Des refuges pour animaux s’inquiètent de la hausse inévitable des abandons de chiens et de chats en raison de l’augmentation importante des adoptions depuis le début de la pandémie.

Les adoptions abusives et les conséquences désastreuses sur la santé psychologique des animaux préoccupent Robert Norman Lemieux, vice-président de Tiny Paws Dog Rescue Canada, un centre de réhabilitation pour chiens de moins de 10 kilos situé dans le quartier de Rivière-des-Prairies.

«Un chien c’est comme un enfant de 3 ans. Il demande de l’attention, du temps, de la patience et surtout de la socialisation», s’exclame le comportementaliste canin.

Il estime que 90% des chiens qu’il accueille depuis le début de la pandémie ont des problèmes de comportement. Avant la crise sanitaire, c’était plutôt 15%.

«On parle d’anxiété, de stress et de peur, car le chien n’a jamais socialisé», déplore-t-il.

Conséquences psychologiques

Ces symptômes sont entièrement liés à la pandémie et au télétravail, selon le porte-parole de l’Association des médecins vétérinaires du Québec (AMVQ), Dr Michel Pépin.

Même si l’intention n’était pas mauvaise, il reste que «près de 30% des nouveaux propriétaires n’avaient jamais eux d’animal domestique avant», constate-t-il.

Une grande majorité des nouveaux propriétaires d’animaux ont remarqué «une crainte de l’étranger et de rester seul» chez leur animal de compagnie, selon un récent sondage de l’AMVQ.

Craindre le pire

Les refuges pour animaux sont débordés. «Nous refusons près de 25 chiens par semaine», déplore Kim Desautels qui craint le pire pour la suite. La co-fondatrice du refuge Rescue All Dogs (RAD) remarque que les gens n’ont pas le temps de s’occuper de leur animal, et ce, malgré le télétravail. «Certains des animaux ont même été maltraités, battus et négligés durant la pandémie.»

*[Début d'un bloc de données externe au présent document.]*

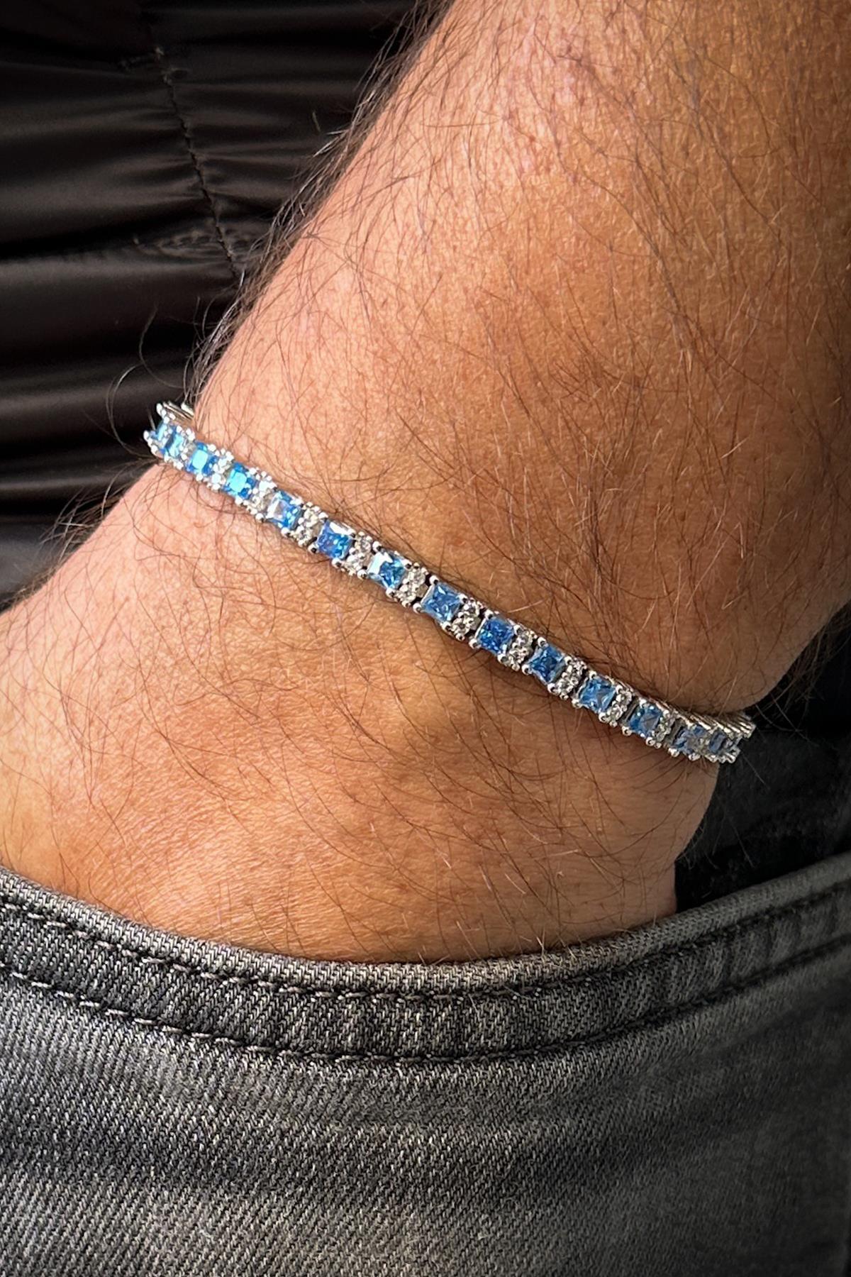 925 Ayar Gümüş Zirkon Taşlı Turkuaz Renkli Tennis Erkek Bileklik FRJ12344-3344-M 925 Ayar Gümüş Zirkon Taşlı Turkuaz Renkli Tennis Erkek Bileklik FRJ12344-3344-M تک سایز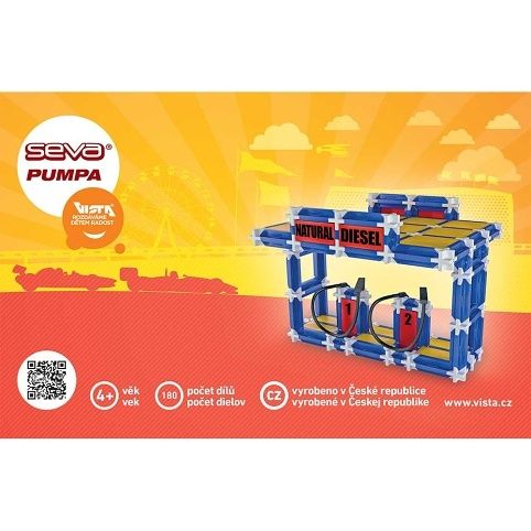 Naberte si plnou a vyražte za dobrodružstvím. Postavte si originální čerpací stanici. SEVA pumpa obsahuje unikátní díly pro stavbu čerpací stanice.

Au mois d’août 2020, lors du premier déconfinement, M. Lemieux observait déjà une hausse des abandons. «Nous avions récupéré plus d’une vingtaine de chiens en moins d’un mois», dit-il.

De son côté Kim Desautels a dû tripler le nombre de familles d’accueil pour Rescue All Dogs.

200 000

C’est le nombre de chiens et chats adoptés en plus depuis le début de la pandémie, selon l’Association des médecins vétérinaires du Québec.